One thing to be careful of - the tabs of the two MOSFETs are head-to-head and there needs to be a gap between them or there will be a short. Keep that in mind. Maybe stick a little insulating shim like a piece of toothpick between them before soldering. 

And of course, the board is designed to sit on top of the heat sink and the MOSFETs bolt directly to it, with insulators. It's important to have full contact area and tight hardware. I think a few folks thought they'd test very briefly with no heat sink and blew their MOSFETs.

Since my board came with the voltage regulator components pre-mounted, I hooked up 12 V before putting anything else on the board and verified that it was working and that I could vary the voltage with the little pot.

After mounting all the parts, I wanted to set the bias. Even with no drive, I felt that I needed to hook up a load to the output in case of self-oscillation. Or maybe to prevent it. And 50 Ω across the input isn't a bad idea either. Another good safety practice might be a switch or hand key across the PTT pins in case the circuit runs away and you want to shut the bias off quickly.

The schematic shows 2.7 V bias. Most people find that too low. Adjusting it until the MOSFETs are carrying a little drain current is a good idea.

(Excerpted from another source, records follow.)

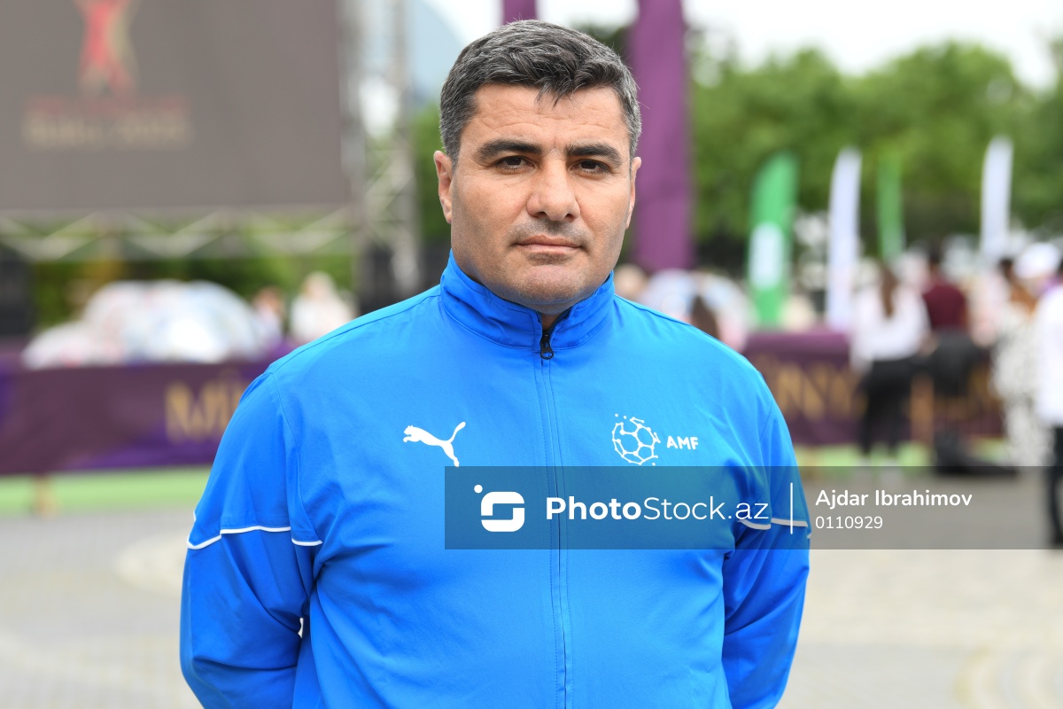 Bakıda keçiriləcək mundial ilə əlaqədar Dənizkənarı Bulvar ərazisində təşkil olunan “Fan Zona”da iştirak edən Azərbaycan minifutbol millisinin baş məşqçisi Elşad Quliyev.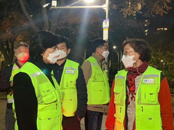 [로컬라이프] 송준형 기자 = 신계용 과천시장은 16일 저녁, 자율방범대분들과 함께 중앙공원 일대를 순찰했다.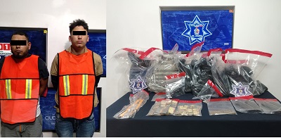 Policías Municipales detienen a dos sujetos en posesion de dos armas de fuego, varios cartuchos y equipo táctico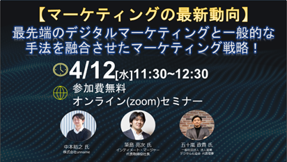国内最大級パブリックDMPを提供するデータプラットフォームカンパニーの株式会社インティメート・マージャー(本社:東京都港区、代表取締役社長:簗島 亮次、以下当社)は、マーケティングの側面から事業成長を支援する株式会社unnname(本社:東京都渋谷区、代表取締役:宮脇 啓輔、以下:unname社)と共催セミナー「【マーケティングの最新動向】最先端のデジタルマーケティングと一般的な手法を融合させたマーケティング戦略!」を2023年4月12日(水)11時30分より実施することをお知らせします。

I tried various values of idling current, up to 120 mA or so, but eventually set on about 30 mA total current. The relay coil draws about 42 mA at 12 VDC, so subtract that off of the total reading from the supply. Or adjust bias to minimum, note the current, then increase until current increases by 30 mA. My bias voltage was 3.41 VDC at 30 mA total MOSFET current. Setting current higher might be OK but think about dissipation. 

For full power testing, a good dummy load is a good idea, since there's no SWR protection here. A way to monitor power - RF probe, power/SWR meter or oscilloscope is desirable.

A way to control the drive power is good too as gain varies on different bands. Maybe a 1 W output TX could be a good starting point. I think testing without an LPF into a dummy load is fine. Jumper across the LPF - using the supplied 0.1" pin headers.

I would not recommend going key down for longer than a few seconds, maybe 5 maximum until you know where you stand. I have a cheap Harbor Freight IR thermometer that I'd point at the transistor bodies and get a relative idea of how much they warmed up from a few seconds key down, and then to be sure they'd cooled down before doing another key down session. Feeling the heat sink is not a good way to see how things are going, in my opinion.


Some deviations in what was supplied and other info ...
  • MOSFET numbers are sanded off. Unknown P/N. I ordered 10 IRF530N from eBay.
  • Feedback power resistors are 100 Ω, not 150 Ω.
  • R1, R2 and R3 are 3900 Ω, not 10 kΩ.
  • R7 is 200 Ω, not 1 kΩ.
  • Pot VR1 (or VR3) not marked but measured and calculated as 785 Ω. Possibly a nominal 1 kΩ.
  • Some bloggers said adjust bias to 3.7 VDC, not 2.7 VDC. I used 3.41 VDC. It probably varies. With 3.7 VDC, my drain current "took off".

Results ...


With 1 W input:

BAND
SWR
WATTS
80
1.2
61.1
40
1.5
45
30
1.4
25.3
20
1.4
16.2


Of course I can get more power by increasing the drive on the higher bands. This is without a LPF, but I noted on 40 meters that power didn't decrease noticeably when I added the LPF.

On the air ...

So far I've just used it on 40. My Class E transmitter puts out too much power on 40 (4.2 W) and not enough (2.3 W) on 20!  So I built an attenuator for 40 meters to give 1.2 W drive. With that and a 13.0 VDC supply, I'm putting out a hair over 50 W. I'm a bit afraid to try for 70 W until I get more experience with it.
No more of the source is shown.